Van Gogh Find Yourself

 

I am taking my new best friend Vincent Van Gogh to the gala for mental health at the Pleasance tonight.    We met on the mile in the first week of the Fringe.

Please note:  This is a post from the 2016 Festival.

 

Van Gogh Find Yourself Edinburgh Fringe 2016

Vincent on the Mile

His show Van Gogh Find Yourself is at the Natural Food Kafe.   If you’re looking for a quiet, even reflective afternoon hour,  it’s just around the corner from Summerhall at 2.30.   It’s on the Free Fringe, in the very cosy basement of the cafe,  and if it gets any (deservedly) good reviews  it will fill out pretty fast.

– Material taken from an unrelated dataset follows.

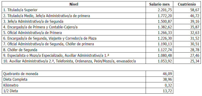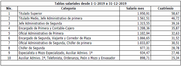 Año 2019: Se pacta un incremento de 20 euros mensuales sobre las aplicables en 2018, para el nivel 10 el incremento será de 36,67 euros mensuales, siendo las cuantías las previstas en el Anexo II.

The show is by the New York based actor and writer Walter Michael DeForest, and he’s worked on it a couple of years.  It is based on the Letters of Vincent and Theo van Gogh  – I bought a copy on a visit to the Van Gogh Museum in Amsterdam, but never opened it – and the Memoirs of Vincent’s Stay in Auvers-sur-Oise by Adeline Ravoux.

He launches it in character on a Q & A basis, asking the audience what they know about him.  It worked very nicely when I saw it; very quickly the audience were going beyond the cliched facts and learning far more of Van Gogh’s life, the symptoms and treatment of his mental illness, in a style that is gentle, insightful,  and entertaining.

In this intimate setting, it became a back-and-forth with the audience, bending with the wind, even navigating a bumptious ten-year-old, which can always enliven the proceedings.   Van Gogh, meanwhile, sketches away, jokingly handing out his pictures for a million or two here and there.    (Walter’s art, from a critical point of view,  is perhaps not his strongest point…)

Vincent’s message for today, as we arrange our rendezvous:  “It is better to be high-spirited even though one makes more mistakes, than to be narrow-minded and all too prudent. ”

I was planning to do a full-blown expressionist portrait of him, in pastels, with potentially disastrous results.   In the meantime, some photographs of his show, a little pixillated through the zoom, and the four pencil sketches I made during it, with his permission.   They kept looking like a whiskery Ho Chi Minh, though I struggled in the later two to square up his face a little.